I did try rkhunter but turn up nothing.

What should be my level of alarm right now? How else can I try to figure out what happen during that 6 hours of missing logs?

Thanks.

----------

## nixnut

Did you update baselayout on that machine recently? Or the kernel? Perhaps something changed wrt timezone or hardware clock setting. If you think somebody compromised your machine the only way to clean it is to wipe the disk and install from a known good install media. Any other measures may find some issues, but you can never be sure your machine will be free from unwanted infestations.

----------

## weyhan

nixnut,

Nope.
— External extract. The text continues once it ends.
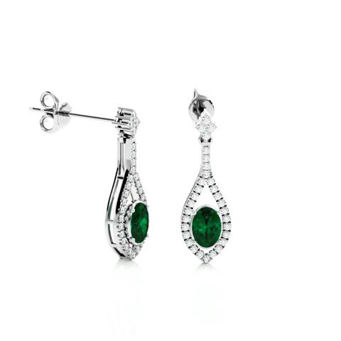 2 Carat Oval Shape Emerald and Diamond Dangle Earrings In 14 Karat White Gold

I have not updated the router in over a year (which is why it may have been hacked...   :Embarassed: ).

I do not live in a place that observes DST. I use ntpd so it does not seem possible to have very drastic time changes. 

Besides, that also does not account for the reboot right after the missing log entries.

----------

## xtlosx

look around at all of the shells and user binaries, see if they are not linking to anything weird, with an ls -al.. just take some time, unplug the system and do some forensics... get intimate with the operating system.... dig, and dig and dig...  :Smile:   compare it to a system you know is not compromised... but yes, reinstall after you find your problem, and plug your security hole!

----------

## NeddySeagoon

weyhan,

look in /home/<username>/.bash_history for all values of <username> and /root/.bash_history

If any of them are very short be very suspsious unless you know why. They should contain about the last 300 commands executed by the user.

If your hacker was careful to edit log files, they will have been edited or removed .bash_history too.

You should be doing all your forensics on a read only disk image, so normal operation does not overwrite anything.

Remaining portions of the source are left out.